It is “morally unconscionable” for the fossil fuel industry, and the politicians who carry their water in Congress, to stand in the way of action on climate change, says blogger Joe Romm. By mid-century, global action on climate change is a given, he said. The question is whether we have the will to act now.
On July 19, Joe Romm, a Senior Fellow at the Center for American Progress and editor of the influential Climate Progress blog, told a Climate One audience in San Francisco that California voters have an opportunity this November to defeat the forces seeking to delay action on climate change by rejecting an attack on the state’s signature piece of climate legislation, AB 32. “There isn’t anything more important Californians can do than kill Proposition 23 by as large a margin as possible to send a message. Anybody who wants to save the climate in this country, who wants to pass legislation, is going to have to transform politics in this country so that there is a political cost to trying to destroy the climate.”
He went on: “You have a ballot initiative which will tell the nation and the world whether the state of California is prepared to put a political penalty for those who callously disregard the health and well-being of everyone’s children and grandchildren – including mine and including yours. It is just morally unconscionable to oppose moderate action like AB 32 on global warming.

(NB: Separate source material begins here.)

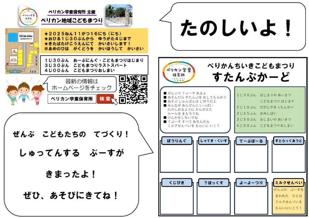 - ペリカン地域こどもまつり〜こどもブースいよいよ明日、ペリカン地域こどもまつり開催します!晴れそうでよかったです☀️ こどもブースは7つあります。 💙… 続きを読む: ペリカン地域こどもまつり〜こどもブース

It is morally unconscionable to spread disinformation, to tell people in a crowded, burning room that there’s nothing wrong and they should sit there and keep doing nothing.”
Unfortunately, Romm said, many people, including some progressives and President Obama’s political team, think climate change is just another issue. “If you don’t spend a lot of time on the climate issue, then you don’t realize that it’s the transcendental issue of our time. That it is going to swallow all other issues over the course of the lifetime of most of the people who are listening to my words today.”
“Over the next 10 to 20 years, it’s going to eat up every other issue and overwhelm them. By the 2020s, it’s going to be the driving force behind all national and international energy, economic, environmental, and political policy,“ he said.
Confronted by such a grave threat, we need to act now, Romm said. Which means we can’t wait for technologies yet invented. More R&D funding for clean energy would be wonderful (it would have been even better 10 to 20 years ago, he said, but “we need to deploy every last piece of low-carbon technology we have today if we’re to give the next generation a fighting chance.”